Les compagnies aériennes rallongent les trajets pour donner l'impression d'être à l'heure

Plus de 8 vols sur 10 ont vu leurs durées augmenter en dix ans sur RyanAir. Plus de 8 vols sur 10 ont vu leurs durées augmenter en dix ans sur RyanAir.[PASCAL PAVANI / AFP]

La majorité des trajets aériens ont vu leurs durées affichées augmenter en une décennie, en dépit d'avancées technologiques qui auraient dû les réduire.

C'est la conclusion d'une enquête du magazine de voyage britannique «Which? Travel», qui accuse les compagnies d'allonger les temps de vol affichés de manière à se prémunir contre d'éventuels retards, qui les obligent à payer des indemnités.

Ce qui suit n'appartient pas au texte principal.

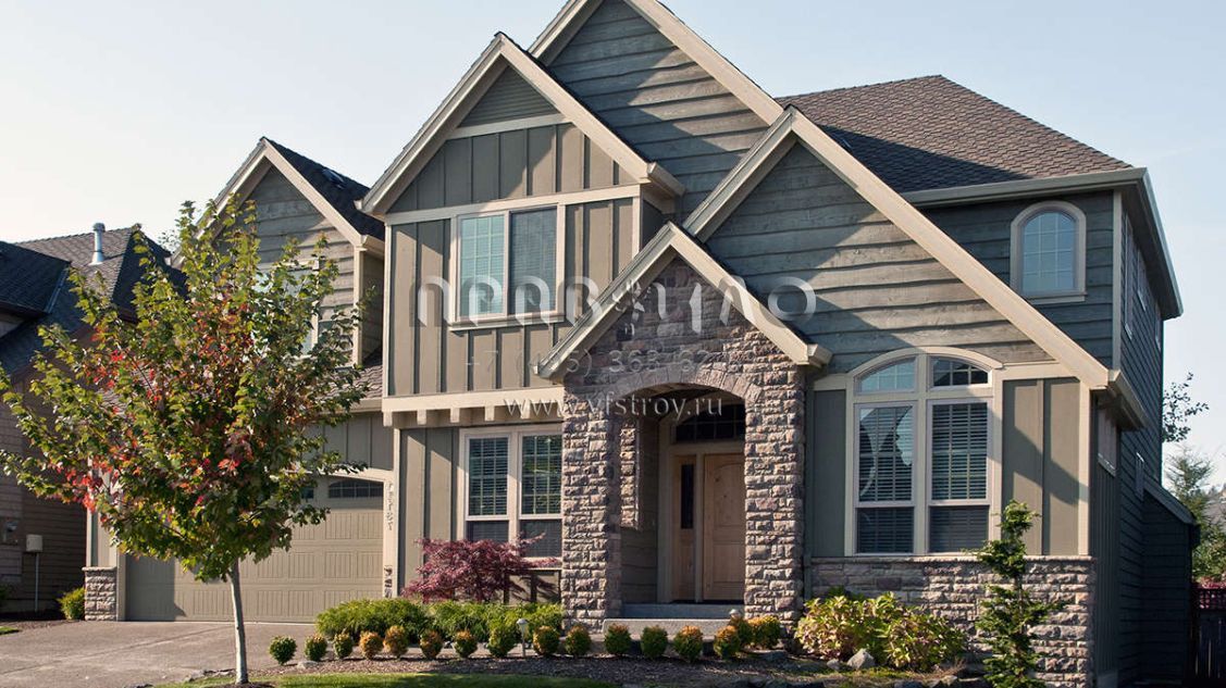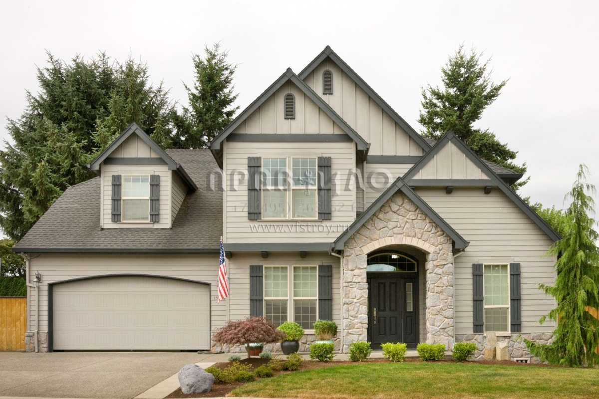 Это проект двухэтажного дома с гаражом на три и более машин жилой площадью 242 кв.м. Длина дома 12.8 м, ширина 15.2 м, высота 9.1 м. В доме четыре спальни и два санузла.

Concrètement, la durée annoncée d'un Londres-New York sur British Airways a ainsi augmenté de 20 minutes, tandis que celle d'un Londres-Newark (New Jersey) sur Virgin Atlantic dépasse de 35 minutes celle d'il y a dix ans. 

Des délais similaires ont été constatés sur la majorité des compagnies testées par le magazine, notamment pour 87% des vols British Airways, 82% des vols RyanAir et 62% des vols easyJet. 

Un phénomène qui explique, selon l'enquête, la promesse récurrente des pilotes d'avions qui, après s'être excusés d'un départ décalé, annoncent qu'ils vont «tenter de rattraper ce retard en vol». En réalité, ce délai, s'il ne dépasse pas une demie heure, avait été anticipé par la compagnie, si bien qu'en volant à la vitesse prévue, l'appareil atterrira à l'heure dite. 

À l'inverse, si le vol ne souffre d'aucun retard au démarrage, les passagers seront retenus inutilement dans l'avion au sol quelques minutes avant le décollage et quelques minutes après l'atterrissage, de manière que leur horaire d'arrivée corresponde à leur billet. 

Cette stratégie a été confirmée au magazine par le professeur de management en transport aérien Keith Mason, mais niée par les compagnies. Celles-ci affirment en effet que cet allongement des trajets est dû à un ralentissement des vols pour économiser du carburant.